**YOUR INSTRUCTIONS:** Transcribe, word for word, all of the entries below, and exclude any pictures from the copy.

**INPUT DATA:**
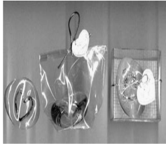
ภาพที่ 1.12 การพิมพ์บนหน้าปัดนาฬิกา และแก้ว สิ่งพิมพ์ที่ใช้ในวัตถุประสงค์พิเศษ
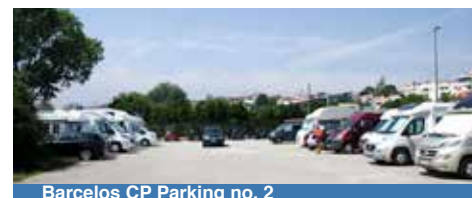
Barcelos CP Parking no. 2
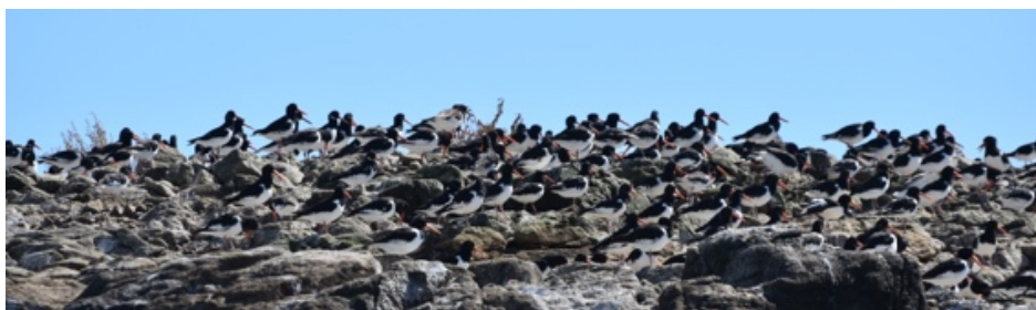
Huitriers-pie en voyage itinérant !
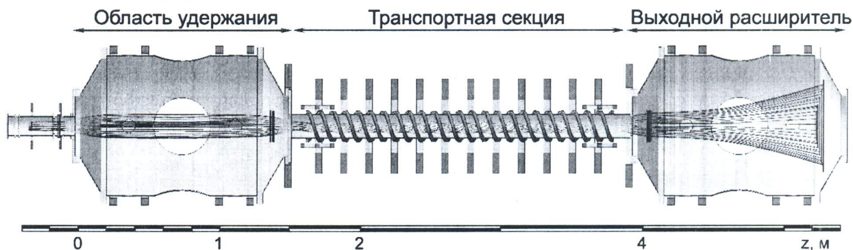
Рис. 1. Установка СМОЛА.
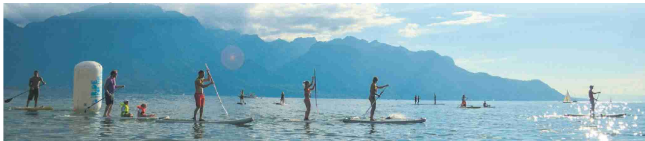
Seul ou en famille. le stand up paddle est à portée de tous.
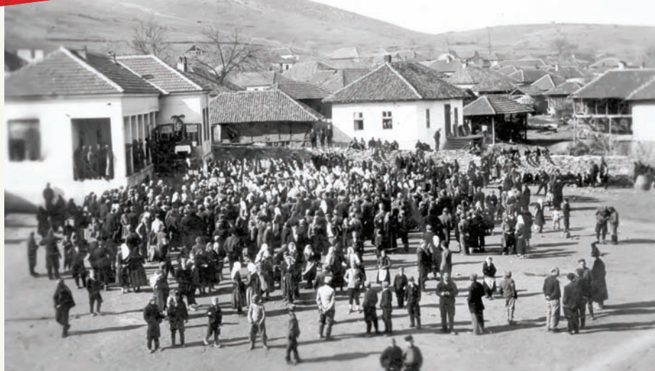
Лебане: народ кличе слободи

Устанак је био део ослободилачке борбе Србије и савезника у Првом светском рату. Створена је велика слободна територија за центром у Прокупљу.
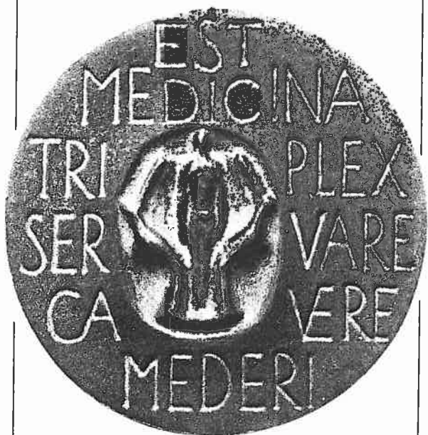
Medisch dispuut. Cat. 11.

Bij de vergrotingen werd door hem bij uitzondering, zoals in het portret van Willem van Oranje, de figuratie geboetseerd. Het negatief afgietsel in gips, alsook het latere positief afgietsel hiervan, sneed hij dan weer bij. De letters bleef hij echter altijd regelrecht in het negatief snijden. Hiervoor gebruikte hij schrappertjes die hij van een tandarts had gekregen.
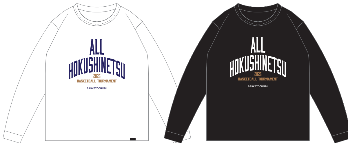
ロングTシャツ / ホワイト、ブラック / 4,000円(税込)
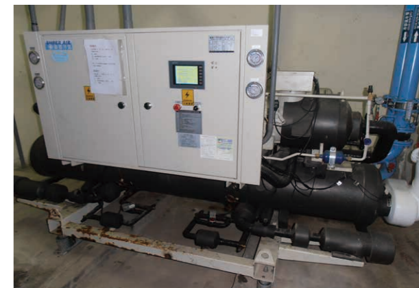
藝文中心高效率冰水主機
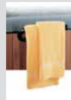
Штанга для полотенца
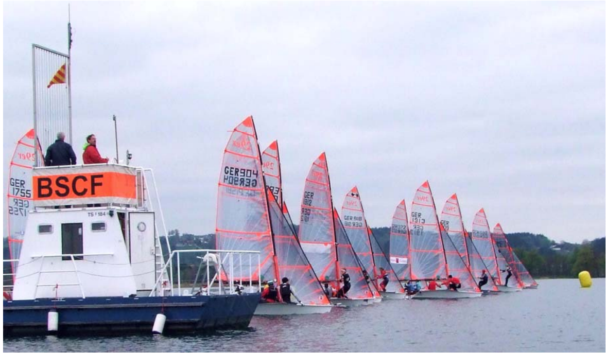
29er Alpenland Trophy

**PROBLEM SOLUTION:**
ภาพที่ 1.12 การพิมพ์บนหน้าปัดนาฬิกา และแก้ว สิ่งพิมพ์ที่ใช้ในวัตถุประสงค์พิเศษ
Barcelos CP Parking no. 2
Huitriers-pie en voyage itinérant !
Рис. 1. Установка СМОЛА.
Seul ou en famille. le stand up paddle est à portée de tous.
Лебане: народ кличе слободи

Устанак је био део ослободилачке борбе Србије и савезника у Првом светском рату. Створена је велика слободна територија за центром у Прокупљу.
Medisch dispuut. Cat. 11.

Bij de vergrotingen werd door hem bij uitzondering, zoals in het portret van Willem van Oranje, de figuratie geboetseerd. Het negatief afgietsel in gips, alsook het latere positief afgietsel hiervan, sneed hij dan weer bij. De letters bleef hij echter altijd regelrecht in het negatief snijden. Hiervoor gebruikte hij schrappertjes die hij van een tandarts had gekregen.
ロングTシャツ / ホワイト、ブラック / 4,000円(税込)
藝文中心高效率冰水主機
Штанга для полотенца
29er Alpenland Trophy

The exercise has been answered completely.